Viscount Davidson, of Little Gaddesden in the County of Hertford, is a title in the Peerage of the United Kingdom. It was created on 11 June 1937 for the Conservative politician and former Member of Parliament for Hemel Hempstead, Sir J. C. C. Davidson.

His elder son Andrew, the second Viscount, served as Captain of the Yeomen of the Guard from 1986 to 1991 in the Conservative administrations of Margaret Thatcher and John Major. However, he lost his seat in the House of Lords after the passing of the House of Lords Act 1999. Andrew died in 2012 and the title was inherited by his brother Malcolm.

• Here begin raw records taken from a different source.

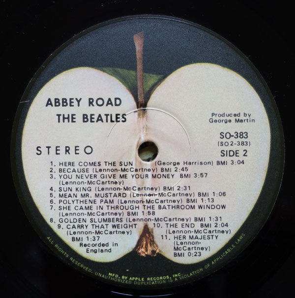Apple logo label. An E.M.I. Recording. Recorded in England. Cover type 3 : the front cover image was enlarged. The picture on the front shows less of the trees and crosswalk. This type has "Her Majesty" missing on the back cover BUT included on the label. On label : Mfd. by Apple Records AND "All rights reserved..." statement on the rim. 1975 release. Thanks to George Martin, Geoff Emerick and Phillip McDonald. Originally released October 1, 1969.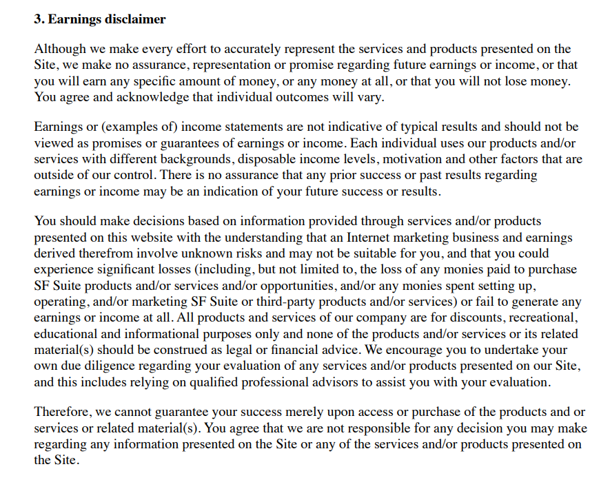На главной странице сайта написано, что с правильным набором инструментов успех неизбежен, но это практически вся информация, которая известна о заработке. Нет никаких данных компании, ресурс постоянно виснет, а во время проверки вообще находился на техническом обслуживании. Внизу главной страницы есть ссылки на документы, в которых много подозрительных моментов, например, связи был указан только email customercare@sfsuite com.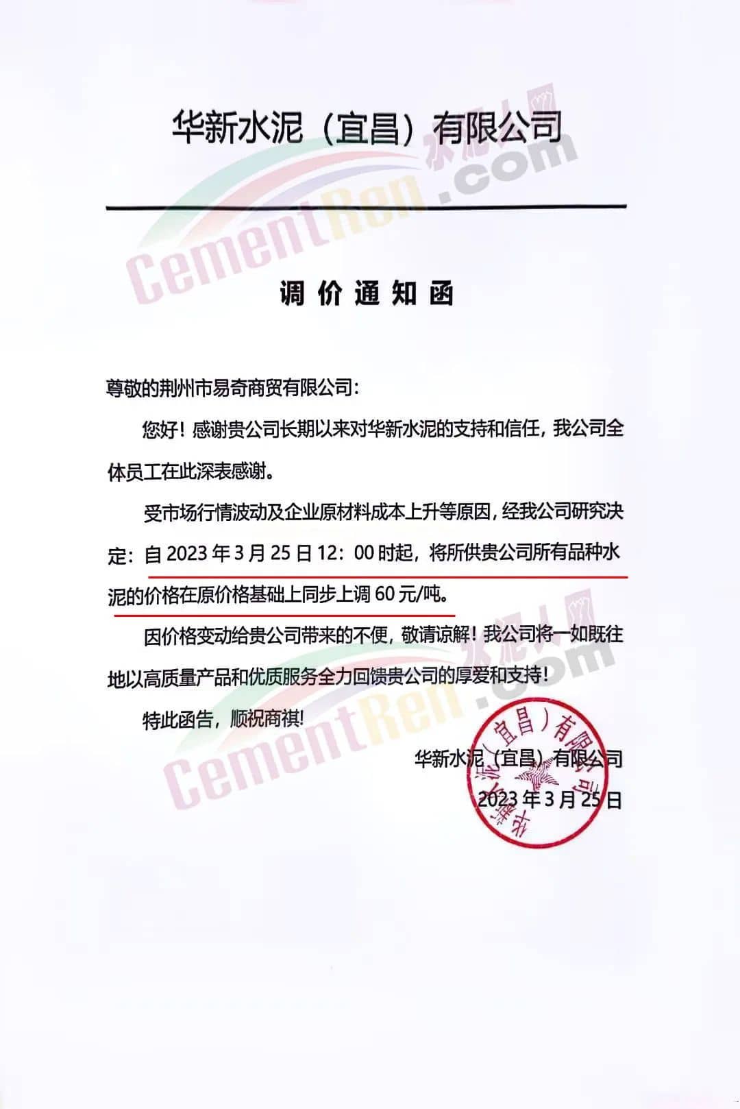 华新水泥(宜昌)有限公司通知,受市场行情波动及企业原材料成本上升等原因,经公司研究决定,自2023年3月25日12:00时起,将公司所有品种水泥的价格在原价格基础上同步上调60元/吨。

Malcolm died in 2019 and the title was inherited by Malcolm's son John.

Viscounts Davidson (1937)
John Colin Campbell Davidson, 1st Viscount Davidson (1889–1970)
(John) Andrew Davidson, 2nd Viscount Davidson (1928–2012)
Malcolm William Mackenzie Davidson, 3rd Viscount Davidson (1934–2019)
John Nicolas Alexander Davidson, 4th Viscount Davidson (b. 1971)

There is no heir.

References

Kidd, Charles, Williamson, David (editors). Debrett's Peerage and Baronetage (1990 edition). New York: St Martin's Press, 1990.